The, possibly “underlying”, 2D video codec format of the obtained data is determined in an action 1006. The 2D video codec format indicates which type of 2D codec that was used for encoding the data. The obtained data is then provided to a replaceable 2D video decoder, supporting the determined 2D video codec format, in an action 1008. The decoding in the replaceable decoder should result in a pseudo 2D video stream.

The pseudo 2D video stream is de-multiplexed in an action 1010, into the separate streams of the N-stream multi-view 3D video, comprised in the obtained data. The action 1010 requires knowledge of how the separate streams of the N-stream multi-view 3D video, comprised in the obtained data, were multiplexed during 3D video compression. This knowledge or information could be provided in a number of different ways, e.g. as metadata associated with the compressed data, as previously described.
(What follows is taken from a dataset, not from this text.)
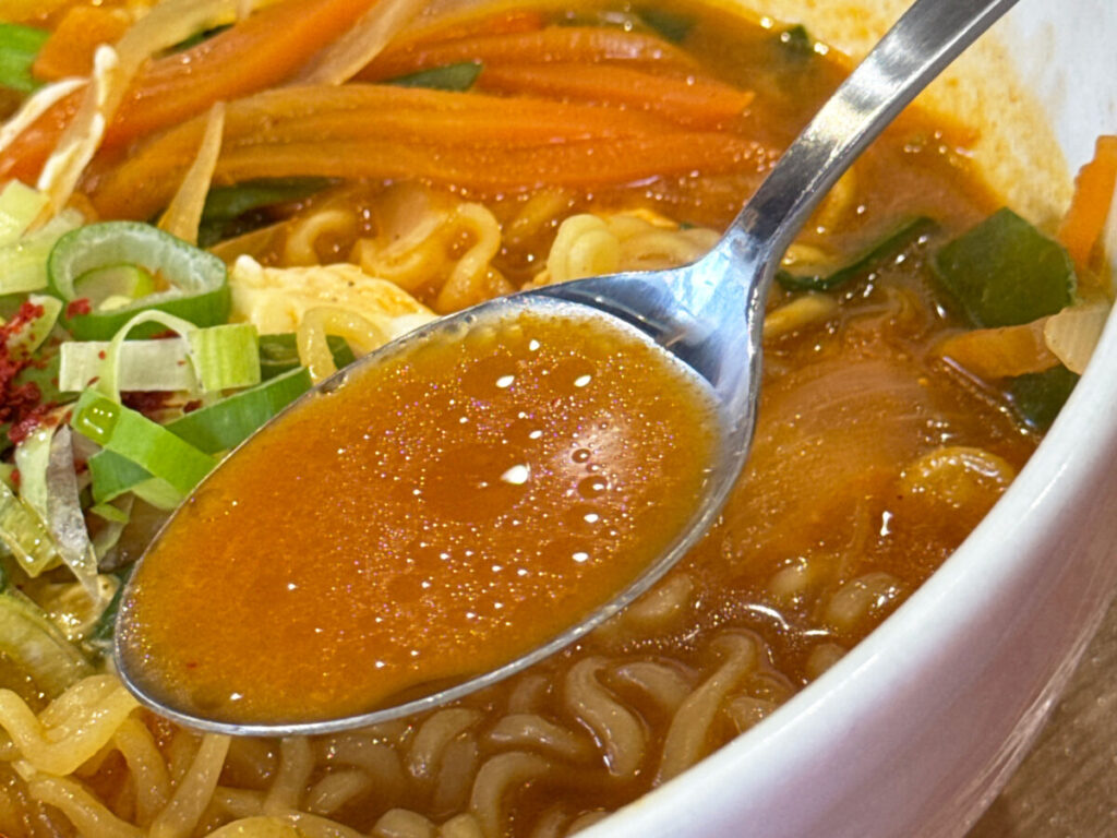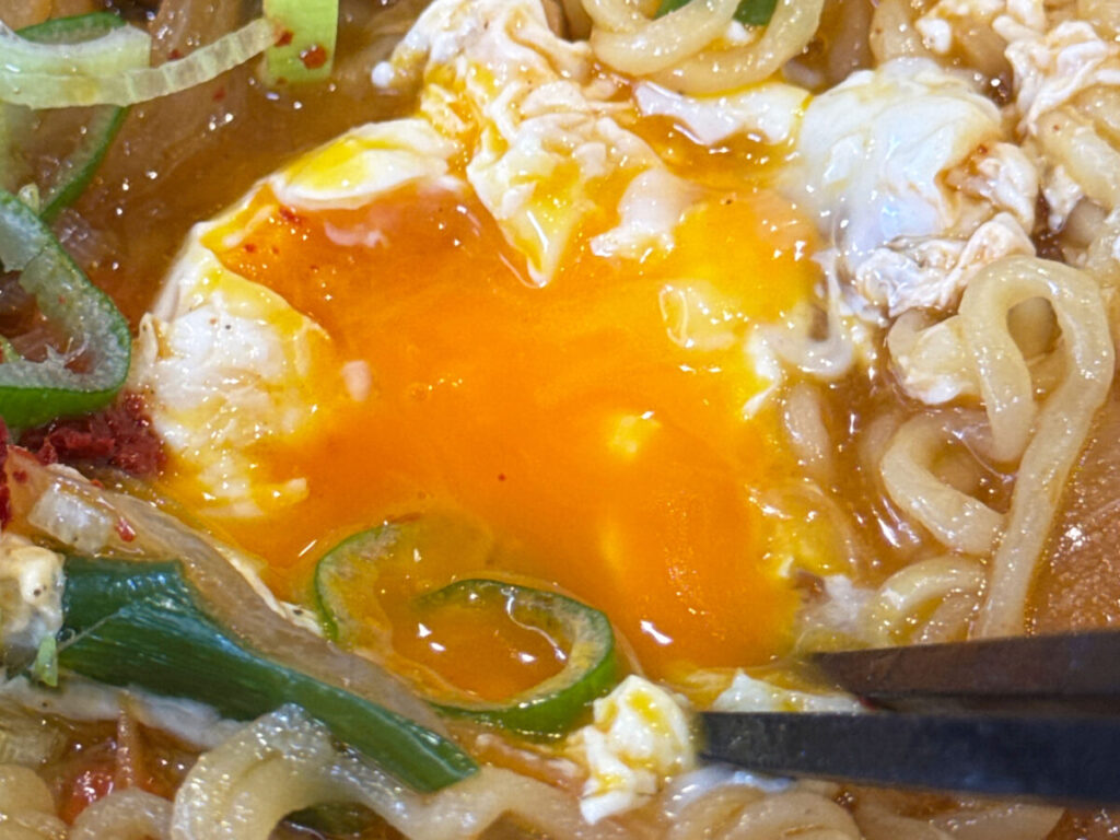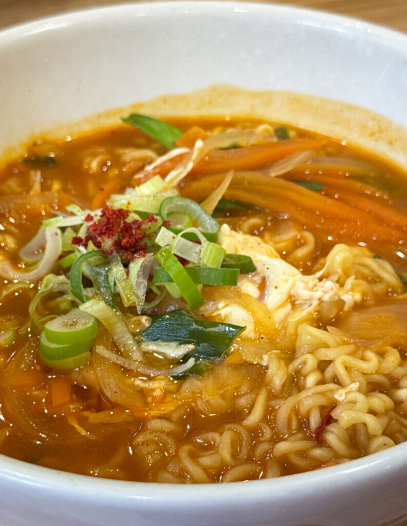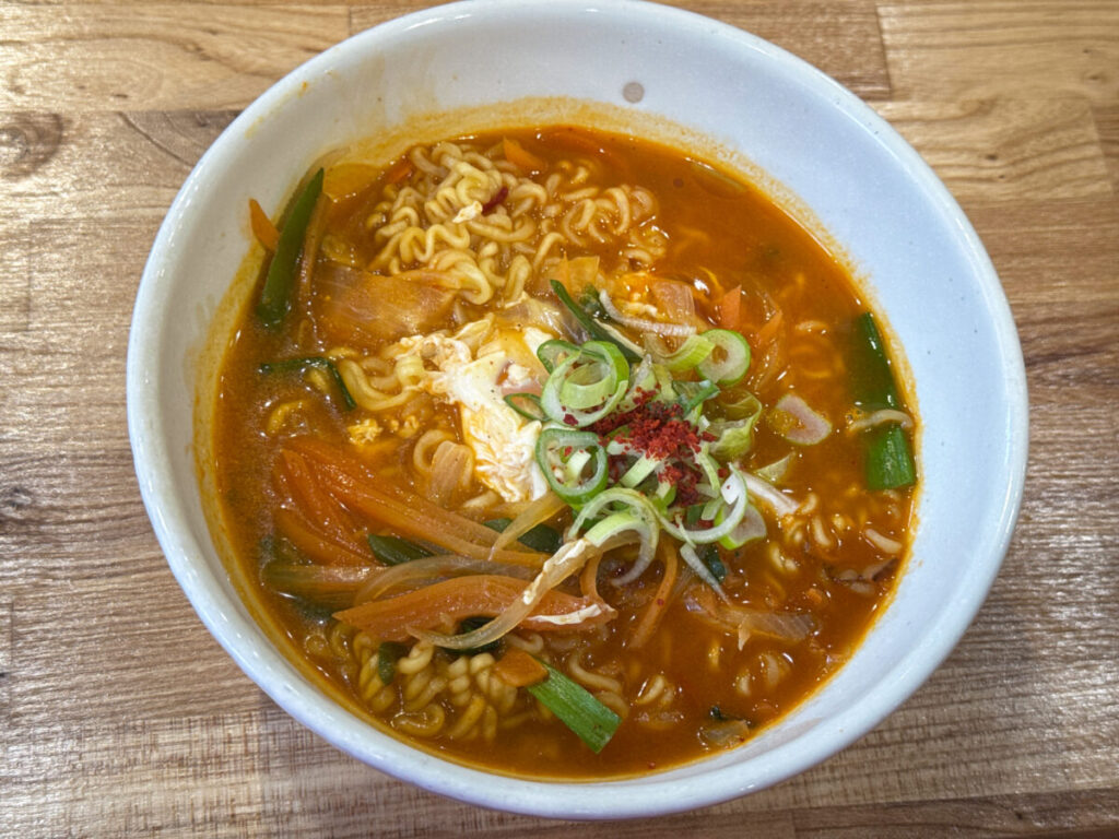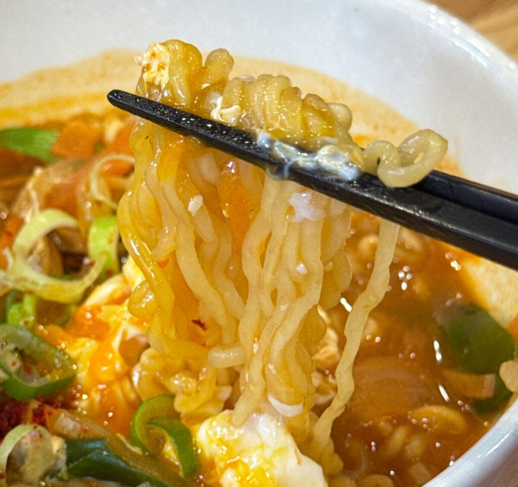 おっ!これはきっと”辛ラーメン”!モッチモチ麺でうまい!

Example Arrangement, FIG. 11, De-Compression

Below, an exemplary arrangement 1100, adapted to enable the performance of the above described procedure of de-compressing compressed N-stream multi-view 3D video, will be described with reference to FIG. 11. The arrangement is illustrated as residing in a video handling, or video presenting, entity 1101, which could be e.g. a computer, a mobile terminal or a video-dedicated device. The video handling or providing entity 901 described in conjunction with FIG. 9 and the video handling, or presenting, entity 1101 may be the same entity or different entities. The arrangement 1100 comprises an obtaining unit 1102, adapted to obtain data for de-compression and any associated information. The data could e.g. be received from a data transmitting node, such as another video handling/providing entity, or be retrieved from storage, e.g. an internal storage unit, such as a memory.

The arrangement 1100 further comprises a determining unit 1104, adapted to determine a 2D encoding, or codec, format of obtained 2D-encoded N-stream multi-view 3D video data. The determining unit 1104 could also be adapted to determine whether the obtained data comprises 2D-encoded N-stream multi-view 3D video, e.g. by analyzing the data format of the obtained data and/or by analyzing the metadata associated with the obtained data. The metadata may be related to 3D video in a way indicating comprised 2D-encoded N-stream multi-view 3D video, and/or the format of the obtained data may be of a type, which indicates, e.g. according to predetermined rules or instructions provided by a control node or similar, that the obtained data comprises 2D-encoded N-stream multi-view 3D video.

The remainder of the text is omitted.